» Your instructions
Quote the lines below from the one containing "A ház belső" to the final line, both ends included; exclude the pictures.

» Source material
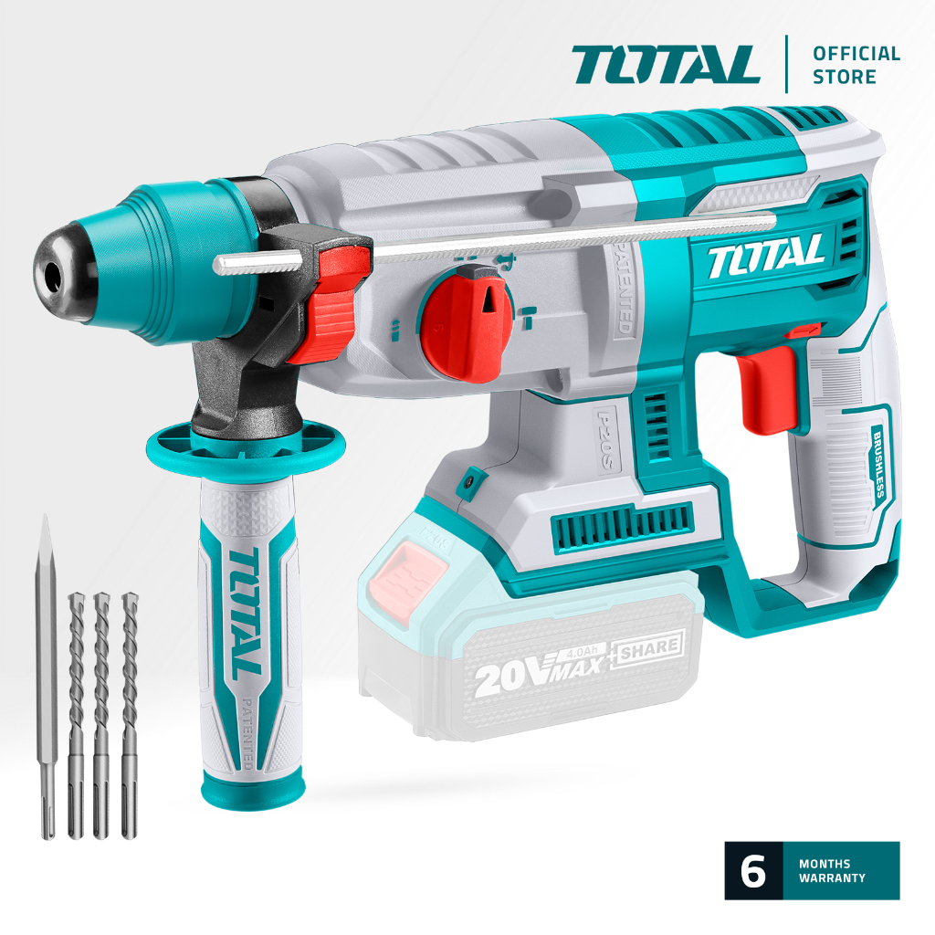 TOTAL Li-ion Rotary Hammer Solo, SDS+ With Brushless Motor (20V) [Free Drill Bits 3 Pcs & Chisel] P20S TRHLI20228
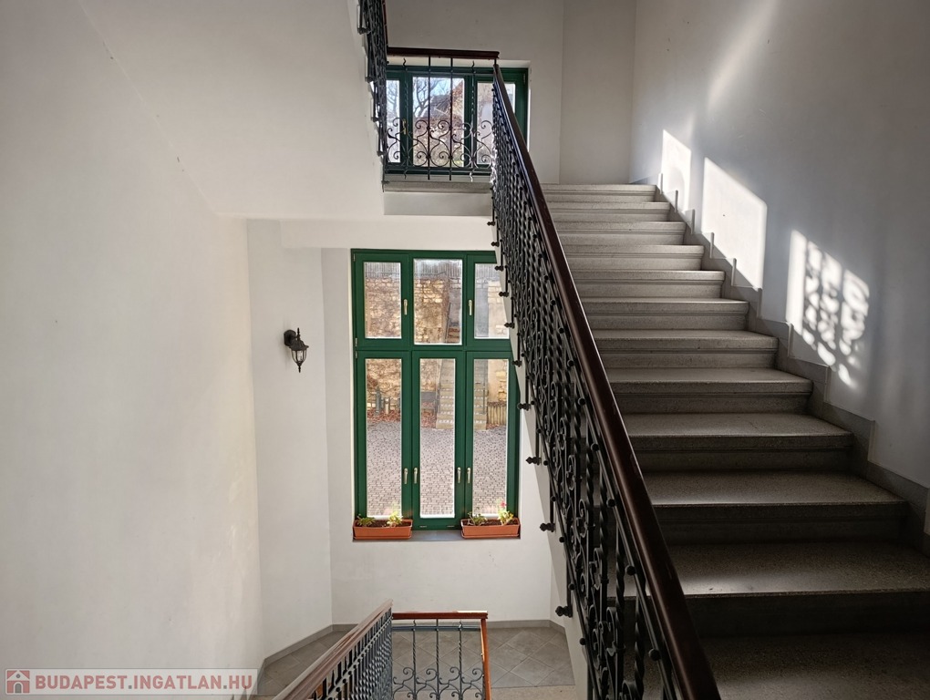 A ház belső udvara távirányítós kapun keresztül, biztonságosan közelíthető meg. A barátságos, mindössze 8 lakásos társasház 2. emeletén található ez a fényes, tágas, különleges atmoszférájú tetőtéri otthon, amelyhez saját biciklitároló és belső udvari parkoló is tartozik. A gépkocsi-beálló vételára 15 millió forint, amely a lakás vételárán felül fizetendő, és a lakás megvásárlásával egyidejűleg kötelezően megvásárolandó.
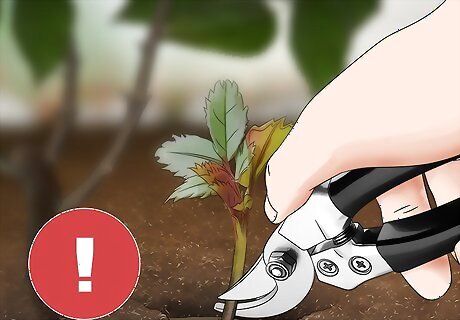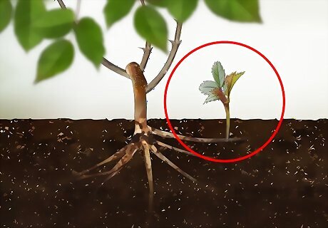 Recognize a sucker. Suckers are offshoots of your rose bush that grow from underground. They will appear as a separate stem or shoot of the bush, generally with leaves that are lighter in color. They also may have a different number of leaves. Suckers appear when the rose bush is damaged, like from a hoe or shovel.
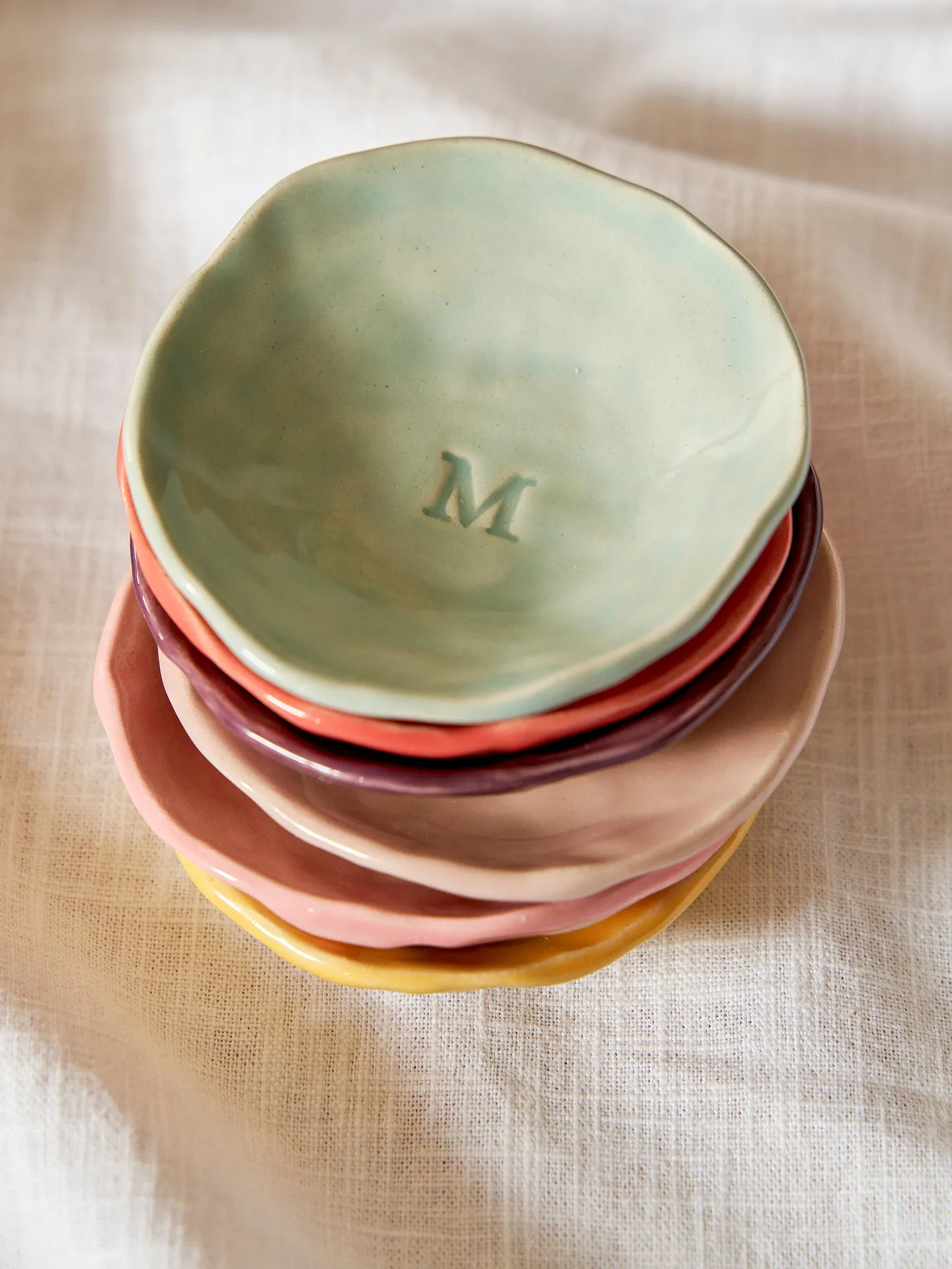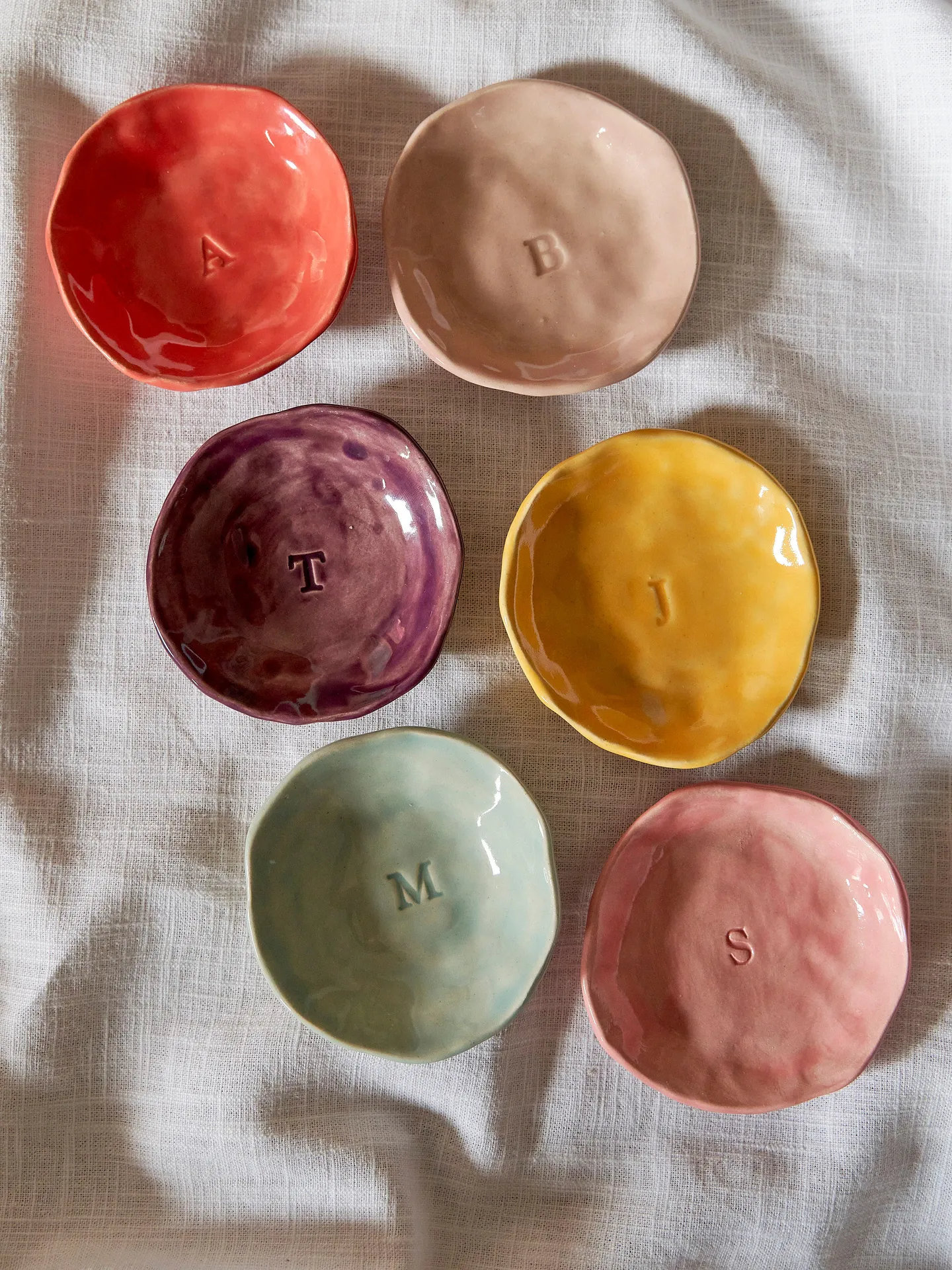 Add a pop of colour to your dressing table with a Personalised Alphabet Ceramic Trinket Dish by Jenny Hopps Pottery. Each dish is carefully handmade, featuring a playful organic shape, glossy glaze, and a single embossed initial.

» Result of the task
 A ház belső udvara távirányítós kapun keresztül, biztonságosan közelíthető meg. A barátságos, mindössze 8 lakásos társasház 2. emeletén található ez a fényes, tágas, különleges atmoszférájú tetőtéri otthon, amelyhez saját biciklitároló és belső udvari parkoló is tartozik. A gépkocsi-beálló vételára 15 millió forint, amely a lakás vételárán felül fizetendő, és a lakás megvásárlásával egyidejűleg kötelezően megvásárolandó.
 Recognize a sucker. Suckers are offshoots of your rose bush that grow from underground. They will appear as a separate stem or shoot of the bush, generally with leaves that are lighter in color. They also may have a different number of leaves. Suckers appear when the rose bush is damaged, like from a hoe or shovel.
 Add a pop of colour to your dressing table with a Personalised Alphabet Ceramic Trinket Dish by Jenny Hopps Pottery. Each dish is carefully handmade, featuring a playful organic shape, glossy glaze, and a single embossed initial.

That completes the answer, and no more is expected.